Competitive research projects
Minor religious communities as actors of religious changes in Croatian society
About project
Project basics
- Duration: January 2007 - December 2013
- Project code: 100-1001172-1072
Project description
In Croatia and other transitional countries the process of strengthening of traditional church religiosity continues, contrary to the trend of general decline in church religiosity in the West. Characteristic they share with the West is the expansion of new religious movements and different forms and experiences of the sacred. In Croatia, except for the research of a part of communities of Christian provenance conducted in Zagreb (1998-1991), minor religious communities (traditional ones, new religious movements and different forms of postmodern religiosity) were not investigated thus far. This research is consequently primarily focused on them. The goal is to determine how minor religious communities as actors participate in the process of religious change in Croatian society. According to the basic hypothesis, minor religious communities are the actors and an indicator of religious, socio-cultural and multicultural changes in Croatia, which occur under the influence of globalization, modernization and European integration process. The project will also investigate: relations between the state and minor religious communities (normative-real); mutual relations between them and their relation towards major religion; the activity of certain actors that shape public opinion on minor religious communities (media, intellectual, religious, political elite, NGO, lay organizations); the structure and acting of minor religious communities (history, organization, beliefs, practices, activities, relations within them, relation to the secular surroundings); types of religiosity in comparison to the dominant traditional Catholic religiosity; comparative data about traditional religiosity/spirituality in Croatian regions and in a broader European space; the connection between global religious and multicultural processes and the identity of minor religious communities; the bond of their religious and cultural identity with the Croatian cultural identity.
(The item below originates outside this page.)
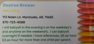 If anyone needs a babysitter weekdays from 4 to whenever or on most weekends
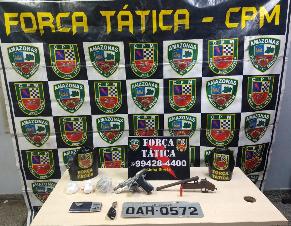 No bairro Alvorada, zona centro-oeste, policiais do Batalhão de Força Tática prenderam um homem de 35 anos com armas de fogo e drogas. A prisão ocorreu após os militares avistarem um veículo em alta velocidade. Durante abordagem, encontraram uma arma de fogo 7.65 na cintura do condutor. No interior do veículo, foi apreendida uma mochila com uma arma de fogo caseira de calibre 32 e porções de drogas, e encontradas marcas de tiro e sangue. Conforme a polícia, o suspeito informou que é de uma facção criminosa e que havia deixado um indivíduo ferido em uma unidade de saúde da capital.

Systematization of the gathered data will enable deeper insight into specific qualities of minor traditional and new religiosity/spirituality, and it will contribute to the scientific insight in the phenomenon of religion and religiosity in Croatia. Inclusion of the postmodern theoretical concepts in the comprehension and explanation of religious changes and an emphasis on the qualitative methods more appropriate for the research of small groups are a contribution to the development of sociology of religion in Croatia.